Schlichter, 63, was stopped by the Ohio State Highway Patrol late Friday afternoon when a trooper noticed a vehicle driven by Schlichter sitting near an intersection in Columbus, Ohio.

As the trooper approached Schlichter’s car, he handed the officer a crack pipe, according to the criminal complaint. Schlichter’s car was searched and small white rocks believed to be crack cocaine were found, according to court documents.

Last arrest: Unresponsive in a hotel room

At the time of his arrest Friday, Schlichter was serving probation, a one-year sentence handed down in September, for cocaine possession.

SUPER BOWL CENTRAL: Latest Super Bowl 58 news, stats, odds, matchups and more.

That sentence stemmed from an incident in which Schlichter was found unresponsive at an Ohio Hampton Inn in June 2022 − less than a year after he was released from prison for federal fraud charges related to a massive ticket scheme that bilked millions of dollars from his victims. 

Inside Schlichter’s hotel room, officers found a substance they believed to be cocaine after responding to a report of an overdose at the Hampton Inn on Lyman Drive in Hilliard, Ohio. Officers could not get Schlichter to respond.

He was resuscitated with the help of Narcan, a nasal spray used for the treatment of a known or suspected opioid overdose that includes signs of breathing problems. Schlichter was then taken to the hospital.

A test of the substance found in Schlichter’s hotel room came back as cocaine and he was charged with possession of cocaine, a fifth-degree felony.

Less than five months on probation

In September, nearly a year after Schlichter was found unresponsive in that Hampton Inn hotel room, he was sentenced to one year probation for his offense.

The sentence issued by a Franklin County, Ohio, judge was the latest in Schlichter’s encounters with the law, which through the decades have mostly stemmed from illegal gambling and Ponzi schemes.

Ron O’Brien, the former Franklin County prosecutor who fought to keep Schlichter in prison due to his perpetual criminal offenses, told IndyStar in September that in legal terms, the sentence of one year probation was appropriate.

But he also called Schlichter a ‘career criminal who seemingly cannot be rehabilitated.’

A life of run-ins with the law

A former Ohio State star quarterback, Schlichter had dreams of a professional football career, but those were soon sidelined by his run-ins with the law.

In 2010, NFL Network listed Schlichter as the No. 4 draft bust of all time and a top 10 quarterback draft bust of all time.

In 2011, Schlichter pleaded guilty to a massive ticket scheme in which he promised college and NFL game tickets to buyers, but never delivered the tickets despite being paid for them. He was sentenced and released on bond.
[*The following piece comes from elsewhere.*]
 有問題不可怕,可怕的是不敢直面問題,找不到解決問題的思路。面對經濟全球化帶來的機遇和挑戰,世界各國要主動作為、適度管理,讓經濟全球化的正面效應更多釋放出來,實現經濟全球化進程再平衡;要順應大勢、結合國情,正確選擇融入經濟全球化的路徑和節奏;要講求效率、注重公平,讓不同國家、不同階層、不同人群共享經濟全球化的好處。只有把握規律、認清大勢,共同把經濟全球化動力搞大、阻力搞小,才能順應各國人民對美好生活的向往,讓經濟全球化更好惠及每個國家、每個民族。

Four months later, in January 2012, Schlichter’s bond was revoked due to drug use. According to court records, Schlichter was charged with violating the terms of his house arrest, testing positive for cocaine twice and then refusing to give urine samples. He was taken into custody.
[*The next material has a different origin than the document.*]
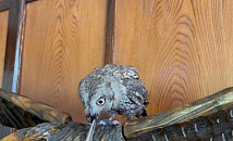 Сочинский совенок Географ, лакомящийся куриными деликатесами, попал на видео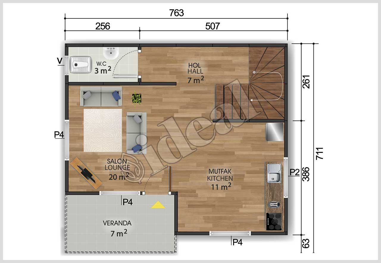Öncelikle konstrüksiyon oluşturulurken kullanım ihtiyacına göre alan kullanımı, ölçülendirme ve ebatlarla ilgili bilgiler belirlenir. Montaj aşamasına hazırlanacak olan olan taşıyıcı sistemler vidalı ve kaynak kullanılarak çelik profil ve putrellerle yapılabilir. Ayrıca dış duvar kaplamaları için betopan, yalı baskı, siding, bisküvi tuğla, sıvalı mantolama uygulanabilir. Alçıpan, betonpan ve alçı sıva-kartonpiyer uygulamaları da iç duvarlar için tercih edilebilir. Çatı örtüsü olarak shingle, ondüline, saç malzeme veye kiremit kullanılabilir.

In May 2012, Schlichter was sentenced to nearly 11 years in the Federal Correctional Institute in Florence, Colorado, and 10 years in an Ohio penitentiary. The two sentences were to be served concurrently, and with good behavior Schlichter was to be released Aug. 18, 2020. 

But from inside the walls of prison, just months before his scheduled release, Schlichter was having women outside the prison place bets for him, O’Brien told IndyStar at the time.

He was also betting with other inmates, O’Brien said. Prison officials found out through emails and phone calls Schlichter was gambling from inside. He was banned from email for 90 days due to his gambling, according to prison records. 

In 2020, IndyStar spoke exclusively with Schlichter from behind bars at the Federal Correctional Institute in Florence, Colorado. He said he had been diagnosed with Parkinson’s disease and dementia and that he had been treated ‘unfairly’ by the courts and prosecutors.